▸ **What to produce**
Collect every line in the records below that contains the word "your".

─── Available data

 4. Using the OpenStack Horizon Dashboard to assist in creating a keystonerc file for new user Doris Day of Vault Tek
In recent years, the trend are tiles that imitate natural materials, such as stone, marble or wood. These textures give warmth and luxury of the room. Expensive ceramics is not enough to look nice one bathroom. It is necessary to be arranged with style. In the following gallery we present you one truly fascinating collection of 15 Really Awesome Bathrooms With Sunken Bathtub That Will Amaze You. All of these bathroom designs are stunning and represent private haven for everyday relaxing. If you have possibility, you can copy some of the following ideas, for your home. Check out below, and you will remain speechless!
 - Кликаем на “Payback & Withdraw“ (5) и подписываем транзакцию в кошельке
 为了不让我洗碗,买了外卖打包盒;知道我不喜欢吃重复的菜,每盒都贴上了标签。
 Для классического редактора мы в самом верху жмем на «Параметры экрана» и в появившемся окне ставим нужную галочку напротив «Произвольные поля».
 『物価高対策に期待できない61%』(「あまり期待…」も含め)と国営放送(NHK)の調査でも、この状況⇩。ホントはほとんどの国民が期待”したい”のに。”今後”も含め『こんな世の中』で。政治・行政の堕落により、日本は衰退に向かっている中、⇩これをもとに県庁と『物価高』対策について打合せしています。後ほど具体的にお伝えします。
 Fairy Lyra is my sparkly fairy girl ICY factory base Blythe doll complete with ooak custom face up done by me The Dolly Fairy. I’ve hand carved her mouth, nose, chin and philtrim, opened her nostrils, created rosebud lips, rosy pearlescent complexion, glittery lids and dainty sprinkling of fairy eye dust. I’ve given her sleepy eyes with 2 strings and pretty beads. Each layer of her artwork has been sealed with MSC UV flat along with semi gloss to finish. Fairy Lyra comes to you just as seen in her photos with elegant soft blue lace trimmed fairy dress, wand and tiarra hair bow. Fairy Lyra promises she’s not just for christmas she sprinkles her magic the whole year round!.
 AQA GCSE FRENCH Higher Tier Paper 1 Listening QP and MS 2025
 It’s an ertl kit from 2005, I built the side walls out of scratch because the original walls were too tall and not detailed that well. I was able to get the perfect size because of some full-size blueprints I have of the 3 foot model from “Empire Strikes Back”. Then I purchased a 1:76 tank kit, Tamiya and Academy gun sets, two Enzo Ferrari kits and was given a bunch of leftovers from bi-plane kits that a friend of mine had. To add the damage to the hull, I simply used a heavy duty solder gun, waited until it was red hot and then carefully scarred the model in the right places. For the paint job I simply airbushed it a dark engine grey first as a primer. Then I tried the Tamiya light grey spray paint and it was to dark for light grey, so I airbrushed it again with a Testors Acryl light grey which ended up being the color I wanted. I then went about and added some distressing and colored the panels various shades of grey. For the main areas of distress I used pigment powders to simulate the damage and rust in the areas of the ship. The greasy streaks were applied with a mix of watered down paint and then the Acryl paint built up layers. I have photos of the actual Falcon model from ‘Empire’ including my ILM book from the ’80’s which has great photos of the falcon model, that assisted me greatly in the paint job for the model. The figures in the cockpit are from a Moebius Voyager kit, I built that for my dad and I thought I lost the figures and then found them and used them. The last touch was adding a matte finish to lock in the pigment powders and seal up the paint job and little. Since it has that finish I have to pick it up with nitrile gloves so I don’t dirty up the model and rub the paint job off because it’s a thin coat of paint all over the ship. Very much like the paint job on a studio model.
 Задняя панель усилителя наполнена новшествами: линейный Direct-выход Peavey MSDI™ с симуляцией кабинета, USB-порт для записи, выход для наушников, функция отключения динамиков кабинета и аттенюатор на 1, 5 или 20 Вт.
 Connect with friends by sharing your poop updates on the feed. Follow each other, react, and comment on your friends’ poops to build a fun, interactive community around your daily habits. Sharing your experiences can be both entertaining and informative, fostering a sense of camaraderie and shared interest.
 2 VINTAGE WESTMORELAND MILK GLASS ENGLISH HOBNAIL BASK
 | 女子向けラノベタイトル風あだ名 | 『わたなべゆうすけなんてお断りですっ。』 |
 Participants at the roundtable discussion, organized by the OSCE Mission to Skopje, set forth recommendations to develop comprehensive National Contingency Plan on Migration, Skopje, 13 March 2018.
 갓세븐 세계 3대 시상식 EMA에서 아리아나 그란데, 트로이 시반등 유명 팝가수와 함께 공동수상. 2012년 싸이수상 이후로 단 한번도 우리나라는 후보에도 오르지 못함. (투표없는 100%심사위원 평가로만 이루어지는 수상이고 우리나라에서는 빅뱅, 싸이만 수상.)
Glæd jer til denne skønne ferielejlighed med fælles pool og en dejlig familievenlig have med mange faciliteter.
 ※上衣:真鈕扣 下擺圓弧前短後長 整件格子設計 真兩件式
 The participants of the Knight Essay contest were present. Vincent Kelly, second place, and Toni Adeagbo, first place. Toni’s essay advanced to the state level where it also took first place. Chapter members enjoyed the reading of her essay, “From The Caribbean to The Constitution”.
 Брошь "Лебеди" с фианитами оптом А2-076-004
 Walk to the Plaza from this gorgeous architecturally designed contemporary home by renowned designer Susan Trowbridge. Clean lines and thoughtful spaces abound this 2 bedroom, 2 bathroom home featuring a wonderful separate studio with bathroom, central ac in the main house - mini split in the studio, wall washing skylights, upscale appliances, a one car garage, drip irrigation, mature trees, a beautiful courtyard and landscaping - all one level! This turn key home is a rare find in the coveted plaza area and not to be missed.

──────

▸ **Written solution**
In recent years, the trend are tiles that imitate natural materials, such as stone, marble or wood. These textures give warmth and luxury of the room. Expensive ceramics is not enough to look nice one bathroom. It is necessary to be arranged with style. In the following gallery we present you one truly fascinating collection of 15 Really Awesome Bathrooms With Sunken Bathtub That Will Amaze You. All of these bathroom designs are stunning and represent private haven for everyday relaxing. If you have possibility, you can copy some of the following ideas, for your home. Check out below, and you will remain speechless!
 Connect with friends by sharing your poop updates on the feed. Follow each other, react, and comment on your friends’ poops to build a fun, interactive community around your daily habits. Sharing your experiences can be both entertaining and informative, fostering a sense of camaraderie and shared interest.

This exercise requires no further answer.